Why is feedback key?

Feedback is not so very different from the telemetry—the process of recording and transmitting the readings of an instrument—used to monitor the condition of spacecraft. It provides data on the status of vehicles in space. Similarly, feedback from sales reps provides data on the status of content out in the field.

Telemetry sounds very scientific and formal, and it is. On the other hand, feedback sounds laid back and informal, and it is. However, technology is making it more and more precise.

With that space analogy in mind, we can pose some questions based on the feedback we receive:

  • Is the content off course (not connecting with the intended audience)?
  • Is it in a decaying orbit (losing relevance)?
  • Has it suffered a catastrophic failure (not being used by sales reps at all)?

How to integrate feedback into your process

While we are focused on definitions, it would be good to have an agreement on a term often closely associated with feedback—agile.

Agile is more appropriately a description of content development itself and the mechanics of content creation. However, these topics end up being talked about in the same breath, so it seems relevant to us.

Agile, in a content context, is borrowed from the world of software development. At its heart is the idea that development is iterative and incremental in nature. It is nimble and quick.

Think in a different way

Think of composing a letter of explanation on behalf of a committee of coworkers. You make a start by creating a draft. You know at the outset that what you’re creating will not be the final product.

You want reactions from your committee members to improve upon your first effort. So you take this input and integrate it into the original to quickly create something better than what you started with. This is agile in action.

Fuel the effort

In an agile process, feedback is the high-octane fuel that drives the effort.

Without it, it would be impossible to know what to change, how much or in what ways. And getting the reactions quickly and using them promptly are what make the process agile.

Get strategic

Creating an agile content strategy with all the feedback mechanisms in place is absolutely the way to proceed. However, just building a process that works on paper doesn’t mean it will flourish in reality.

Remember, sales reps are there to sell. They don’t want to think about content. And insisting that they spend any time providing feedback is not the answer either.

Imagine an Olympic runner who undergoes disciplined training for years to hone his body into a running machine. Now imagine someone wants him to run the Olympic final—with his shoelaces tied together. No matter how good he is or how well-trained, he won’t succeed. It’s like a ballerina in work boots. How graceful a performance will she have?

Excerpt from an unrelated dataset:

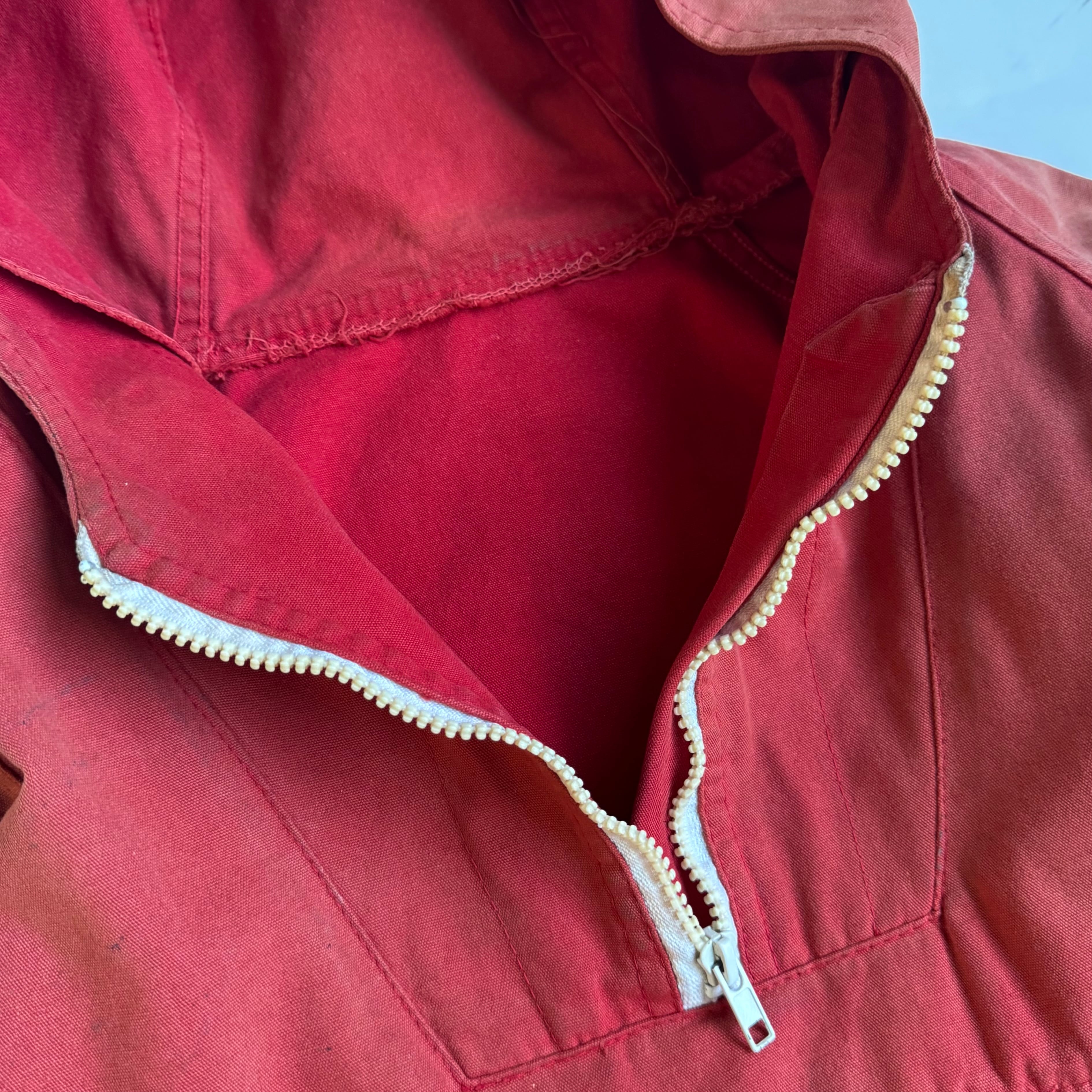 いい感じのフェード感 ガシッと強めのコットン◎ •SIZE 表記不明 裄丈 86cm 身幅 63cm 着丈 70cm 175cm着用 •MATERIAL 恐らく COTTON •COLOR 霞んだレッド系 •CONDITION 使用感、ヤケ、アタリ、フェード感。 いい雰囲気です。写真にてご確認下さい。 1136
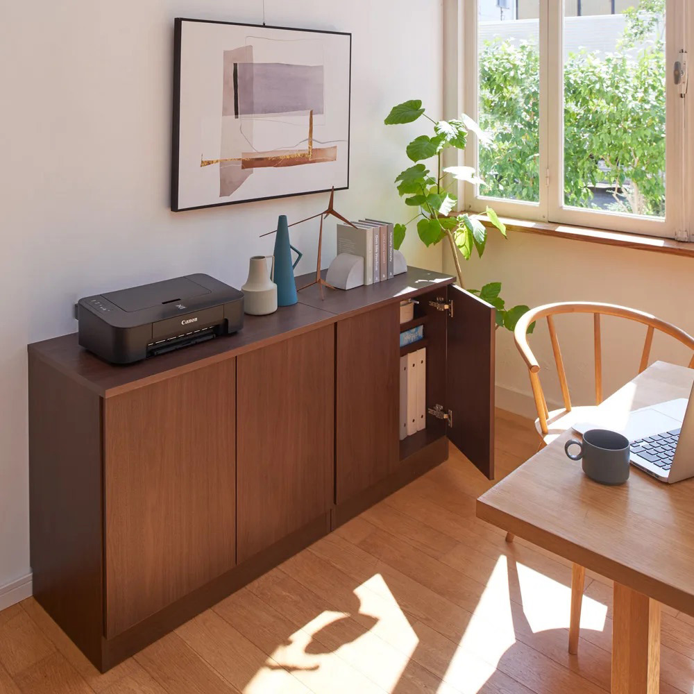 • 使用イメージ(ア)ブラウン 【ダイニングで】テレワークの書類入れにも。棚にA4ファイルが見やすく収まります。 ※写真左から別売りの高さ69.5cm幅80cmタイプ、高さ69.5cm幅65cmタイプです。

Work to eliminate barriers

No one consciously handicaps sales reps, but sometimes misunderstandings or miscommunications can have that effect. Feedback is critical, but it’s no secret that gathering it can be quite a challenge.

The best way to ensure you get it is to eliminate any and all barriers or handicaps that could possibly stand in the way of reps providing it to you. Said another way: It must be absolutely effortless for reps.

Related

What You Need to Know about Agile Design

How to improve the process

This is where technology comes in. With the right system in place, sales reps will be able to provide feedback without even realizing they’re doing it. Your system can collect data about what content is most popular as well as when it’s being used and by whom. It can be set up to couple feedback with analytics in ways that will multiply the benefits for you.

For example, a properly designed feedback mechanism can tell you if your visual content is more popular than your written content. You can also learn if content about widgets has been more popular in the last month than content about gadgets.

Of course, it can also collect comments and suggestions offered by sales reps. And when your feedback feeds your analytics, the comments become the icing on the cake.

Using feedback to help your people and your brand

Once you establish technological solutions to help you collect feedback effortlessly, it’s important to use it. The data collected through analytics is the most important information you’ll receive about your content strategy. In fact, it’s so important that it should be the key driver in your strategy.

Think about it

First, get transparency about the who, what, when, where, why and how of sales reps’ usage of content. Then you’ll have all the information you need to adapt, iterate, and continuously improve that content.

Remember, when it comes to agile content development, feedback is the magic elixir—the super fuel that drives the engine of change and continual improvement.